Following the political developments in South Korea and martial laws being put in place and then revoked, the Samsung stock is under heavy selling pressure. How do you expect global investors to react in the short term? Could this spark a broader risk aversion in emerging markets?
Ajay Bagga: The Korean exchange has said they will function as normal. The party leader of the president has opposed this on a Facebook post and the defence minister has called for the military. So, we really do not know what is happening right now. It actually came out of the blue. There have been political wranglings on the budget and this is a minority government which would not survive a floor test. So, overall, it is a very big surprise and I am sure the allies of South Korea from Japan to Europe are working on the back channels to see how this situation can be diffused. It is not a dictatorial country. It is a very strong democracy standing up to its communist neighbours. So, it is very critical that democracy is protected.
In terms of risk assets, there is an impact. South Korea is a big part of the global supply chain and anything disruptive would see a fair bit of risk off happening. But again, the democratic institutions are strong enough and the army will really not intervene out of the blue like this, that is the best scenario we can have. There is a big US military presence in South Korea as well. There’s a very strong treaty in place and I’m sure telephones are being worked on right now.
South Korea is a critical hub for semiconductors and tech supply chains. How vulnerable are global tech markets to prolonged political instability?
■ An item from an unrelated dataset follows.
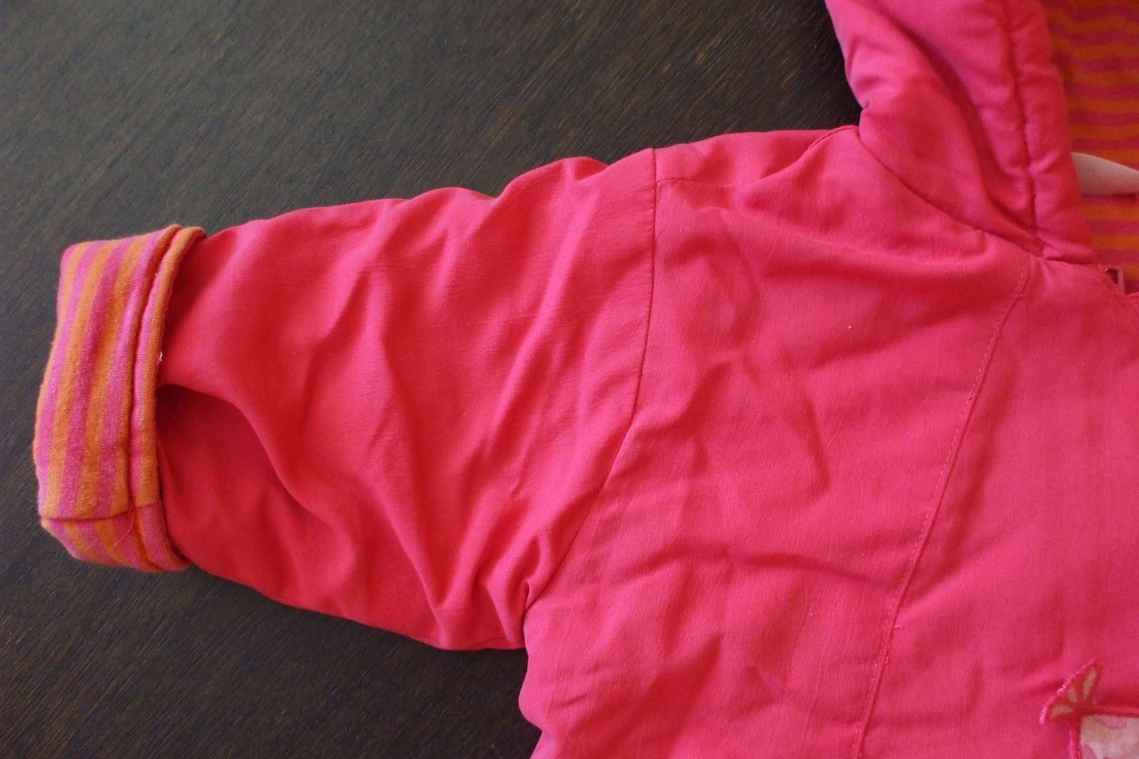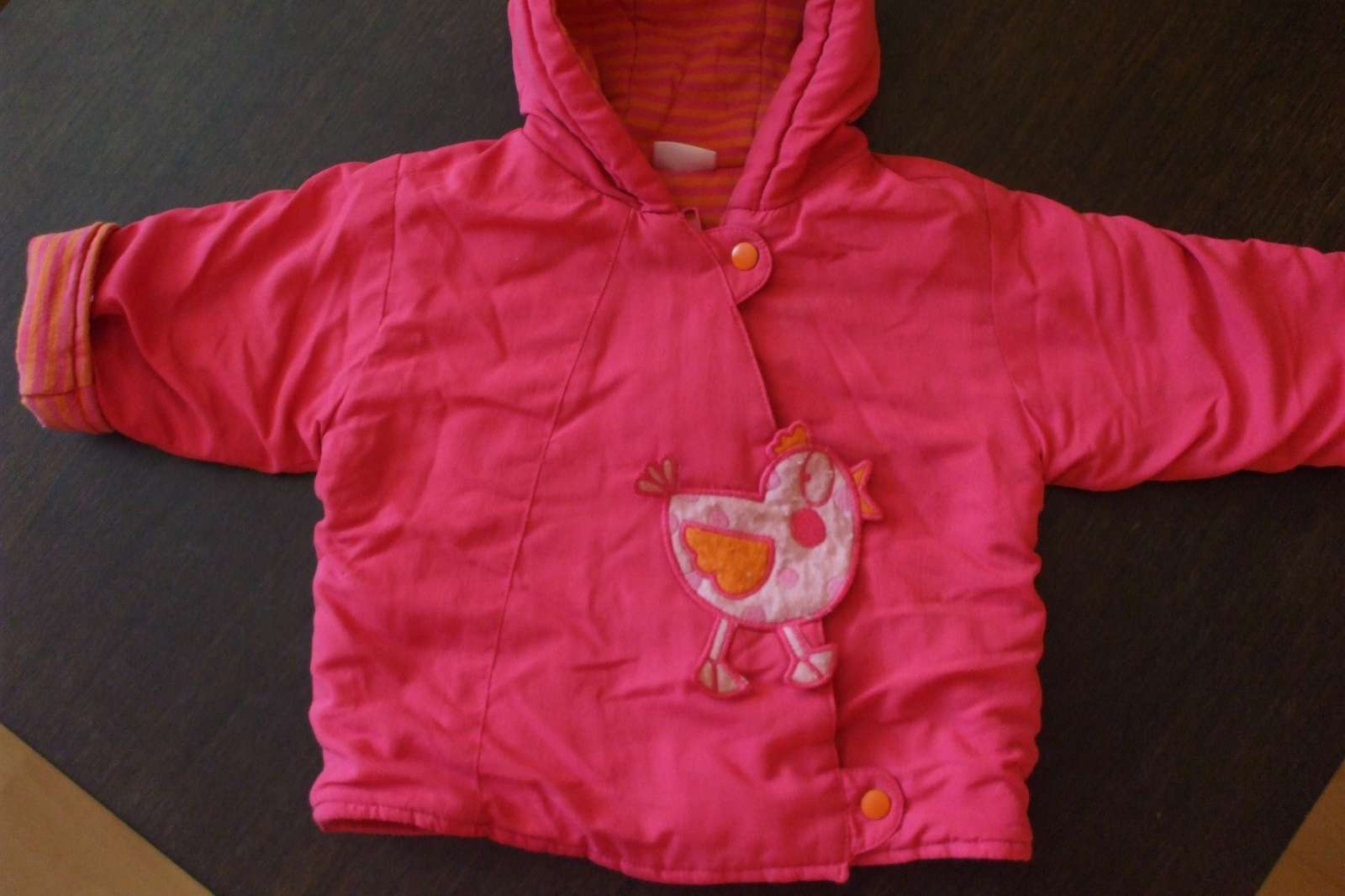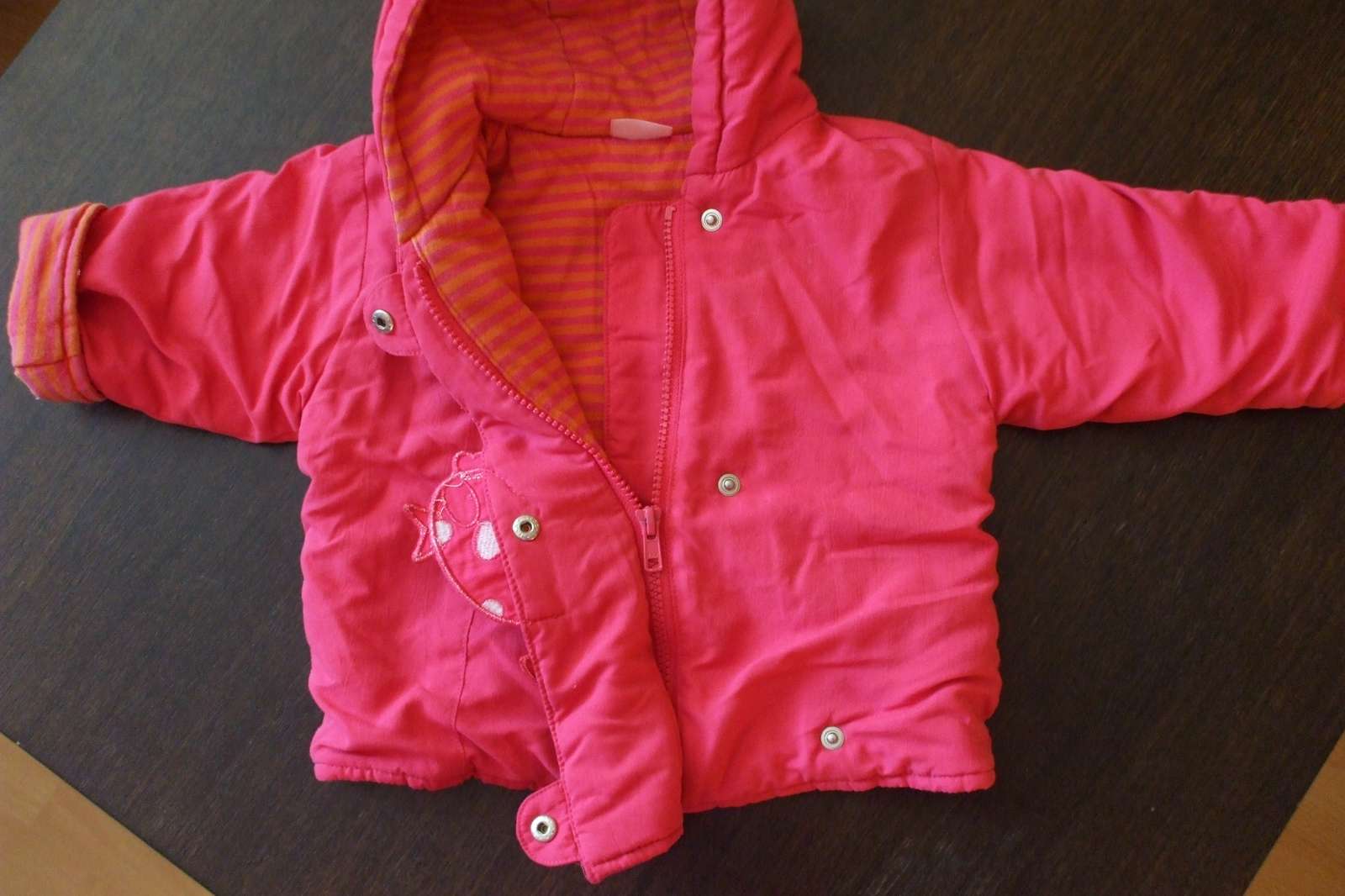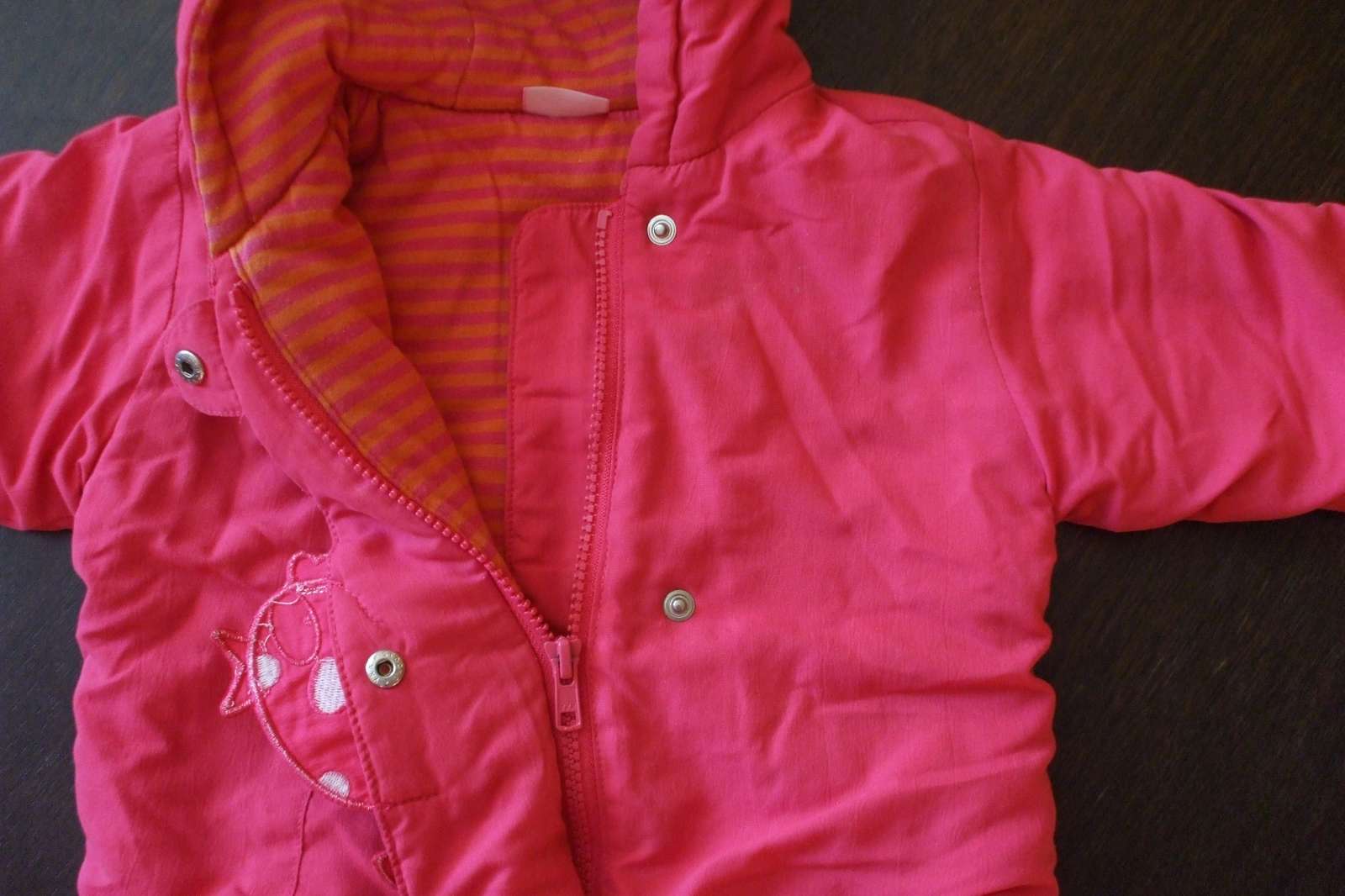 Výborná bundička, bola som s ňou maximálne spokojná. Nie je úplne hrubá, ale super strih, vydrží oveľa dlhšie, keďže môžete nosiť aj s ohnutými rukávkami aj so spustenými. Mäkká, nič dieťatko netlačí, šikmý zips pre jednoduchšie obliekanie, krytý aplikáciou a cvokmi.

Ajay Bagga: Firstly, my assessment is that the president will be on his way out because the ruling party, as well as the opposition, the Democratic Party, both have come together against martial law. This is unheard of in a democracy where they are putting media controls, where political expression is being curbed and emergency has been declared, martial law has been declared. It would not stay for too long, that is the assessment right now that the markets are making, that this is a transient phase. A change of government that will come through. Perhaps you will need one more election to be called and with a caretaker president in place. We are hoping that this does not get prolonged.
Korea is a big supplier, both of high-end technology and tertiary technology. Its two biggest trading partners are the US and China. So, a lot of the finished high-end Chinese goods depend on tertiary Korean goods, as do finished Japanese goods. So, it is a big part of the global electronics, semiconductors, high-end value chain. There will be some amount of disruption, but the sentiment is the bigger issue. We were seeing better sentiment with the Israel-Hezbollah 60-day ceasefire. We were seeing better sentiment with Ukraine talking about truce and putting some conditions. But definitely everybody is talking about a stop to that shooting war. So that risk-on could move to risk-off very fast if this crisis deepens or continues.
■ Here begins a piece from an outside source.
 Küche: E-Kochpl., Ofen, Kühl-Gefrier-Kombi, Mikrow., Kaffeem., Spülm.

Right now, our assessment is it will not continue for too long and saner voices will prevail. Korea today could not withstand North Korea and China combined without the US might behind it. There are over 29,000 US soldiers in South Korea. The US nuclear umbrella protects South Korea from being overrun by the North Korean army. So, clearly the US will have a voice at the table and you can expect that diplomatic channels would be working on resolving this issue.We have seen geopolitical shocks. Historically, they drive investors to safe havens. Like the dollar, like gold, like treasuries. What are the immediate safe haven trends that you are observing or anticipating after this martial law was put in place in South Korea?
Ajay Bagga: So, you are spot on. I am expecting cryptos to go up, for example. I am expecting gold to go up. There will be a flight to safety. Both the yen and the dollar will get bought into. In US treasuries, you can expect the yields to go down. It is a very difficult world. Today we saw French yields reaching the Greece yield levels. We are seeing China borrowing at cheaper rates than Japan. We are expecting the Bank of Japan to come in and raise rates at its next meeting in the next fortnight. So, a lot of things were already moving for the markets apart from the year-end coming and profit booking, setting in tax years, ending in a lot of countries. All that was being factored in and we could have done without this, but safe haven buying will come in. I cannot see the US markets right now. Perhaps you can tell us how the US markets are reacting. But people will be taking out their contingency plans and those plans are quite robust because the probability of a North Korean horde attacking South Korea or a North Korean missile bombardment of South Korea is always factored in.
When I was working for foreign banks, you would never offshore functions into South Korea because you were so close to the North Korean and the Chinese borders, so that way there will be robust contingency plans for global business, but it will impact the risk sentiment. Hopefully this will be a short-lived move and we will see the US exerting some pressure to bring back sanity.
How does this situation in South Korea compare to any of the past political crises that we have seen in other developed economies? Are we likely to see a similar pattern of asset rotation, volatility?
Ajay Bagga: EMs have been seeing outflows and even the Korean markets have been seeing outflows this year. So, there will be a part going out. The other part is that ETFs are available. People will be shorting those ETFs to cover their exposure within Korea itself. That is why we are seeing these 5% moves on the ETFs. And there will be derivatives wrapped around these ETFs as well. But in a broad macro sense, there will be a flight to safety. So, US treasuries, US dollar, Japanese Yen, gold, and crypto will be rallying today.